2-AG clearance inhibition attenuated excessive alcohol intake in alcohol-dependent animals

The present results suggest that alterations of endocannabinoid signaling in the CeA that result from alcohol dependence may contribute to excessive alcohol consumption. GABA and CRF are closely linked in the CeA. The greater activity of both systems may underlie some of the behavioral effects that were seen in alcohol animals, including excessive alcohol consumption [66, 67]. CB1 and CRF1 receptors may compete for an influence on GABAergic transmission in the CeA (e.g., CRF1 activation increases GABA release [51], and CB1 activation decreases GABA release [31]). Thus, excessive alcohol consumption in dependent animals may result from lower CB1-mediated opposition to CRF1 stimulation induced of GABA release in the CeA. Based on the results of microdialysis experiments for endocannabinoids, we suggest that this excessive alcohol consumption may be more strongly associated with deficient 2-AG than with AEA levels in the CeA. To test this hypothesis, we evaluated the effects of pharmacologically inhibiting MAGL and FAAH on alcohol intake in dependent and non-dependent animals. MAGL inhibition reduced alcohol intake selectively in alcohol-dependent rodents but FAAH inhibition did not consistently alter alcohol consumption in alcohol-dependent rats or mice. In fact, a previous study with URB597 reported no effects of this potent and selective FAAH inhibitor on alcohol intake in both Wistar and Marchigian Sardinian alcohol-preferring (msP) rats [68]. Accordingly, the inconsistency in the effects of FAAH inhibition on alcohol intake, but also on anxiety-like behaviors in alcohol-dependent rodents, requires more investigation.

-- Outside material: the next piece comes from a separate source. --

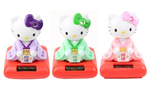 -. Binding : Toy -. Brand : We pay your sales tax -. EAN : 4861653173420 -. Feature : Size: 4" (H) X 2.75" (L) Color: Green & Purple & Pink Material: Plastic Individually packed in a see-through packaging. / Great gift or decorative statue to put in office, front door, living room!! / Eco-friendly. Batteries are not needed. Hassle-free. Head nodding when light is directed at the solar strip. -. IsAdultProduct : 0 -. Label : Wepayyoursalestax -. Manufacturer : Wepayyoursalestax -. MPN : 9091470 -. PackageQuantity : 1 -. PartNumber : 9091470 -. ProductGroup : Toy -. ProductTypeName : TOYS_AND_GAMES -. Publisher : Wepayyoursalestax -. Studio : Wepayyoursalestax -. Title : Set of 3 Cute Hello Kitty in Green & Purple & Pink Kimono Holding Lucky Ema Solar Toy Home Decor Gift by We pay your sales tax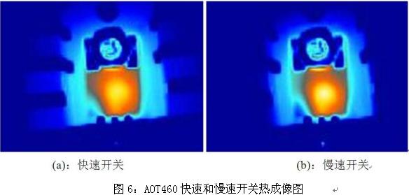 圖6為AOT460在同一應(yīng)用中快速開關(guān)和慢速開關(guān)情況下的熱成像照片??梢钥闯?,在慢速開關(guān)情況下MOSFET的局部溫度要高于快速開關(guān)情況下的溫度,過慢的開關(guān)速度會導(dǎo)致MOSFET因局部溫度過高而提前失效。

In summary, lower basal and stimulated CeA 2-AG dialysate levels were observed in alcohol-dependent animals. The “restoration” of 2-AG signaling with the inhibition of 2-AG clearance, especially via MAGL, ameliorated abstinence-related behavioral pathologies (e.g., anxiety and excessive alcohol intake). These findings strongly implicate deficient 2-AG signaling in alcohol dependence-related behaviors.